» YOUR OBJECTIVE
The answer is to be the lines below that lie between the line holding "1. Na sua conta" and the line holding "Para cerrar la", inclusive, transcribed exactly and free of pictures.

» DATA SHOWN
# # # # #
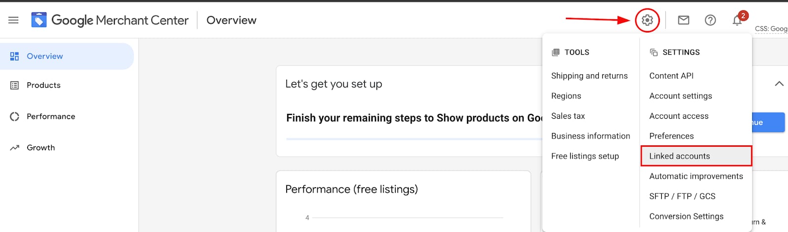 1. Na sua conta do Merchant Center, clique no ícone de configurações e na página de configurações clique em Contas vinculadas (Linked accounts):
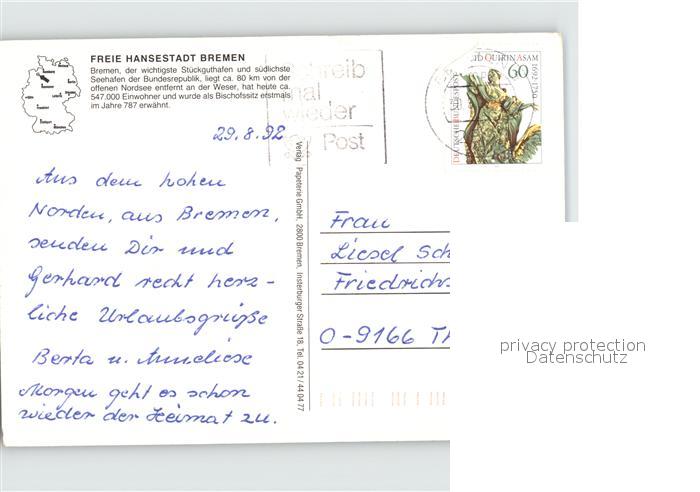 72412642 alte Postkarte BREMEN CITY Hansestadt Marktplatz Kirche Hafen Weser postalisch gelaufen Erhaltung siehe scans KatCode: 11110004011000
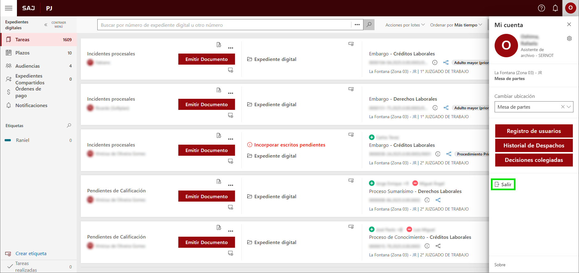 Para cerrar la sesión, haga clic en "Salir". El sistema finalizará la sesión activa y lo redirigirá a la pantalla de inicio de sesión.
# # # # #
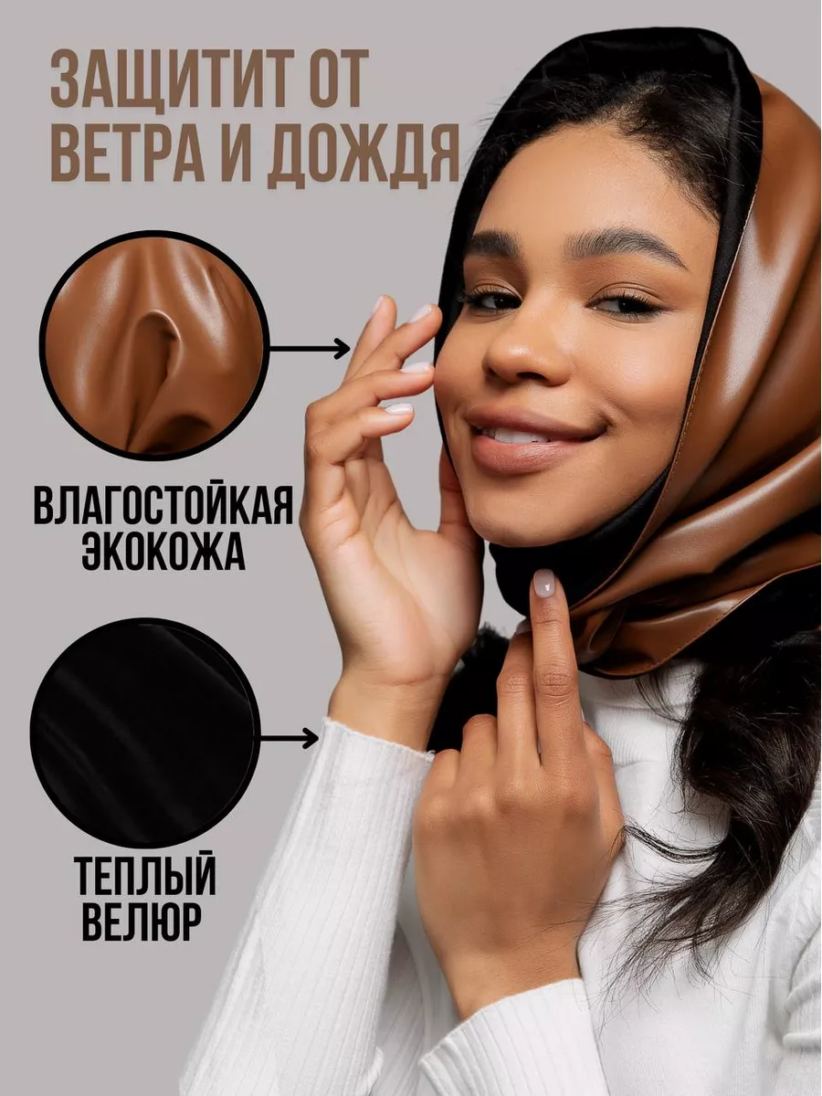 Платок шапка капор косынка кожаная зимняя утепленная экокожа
# # # # #
» RESULT FOR THIS TASK
 1. Na sua conta do Merchant Center, clique no ícone de configurações e na página de configurações clique em Contas vinculadas (Linked accounts):
 72412642 alte Postkarte BREMEN CITY Hansestadt Marktplatz Kirche Hafen Weser postalisch gelaufen Erhaltung siehe scans KatCode: 11110004011000
 Para cerrar la sesión, haga clic en "Salir". El sistema finalizará la sesión activa y lo redirigirá a la pantalla de inicio de sesión.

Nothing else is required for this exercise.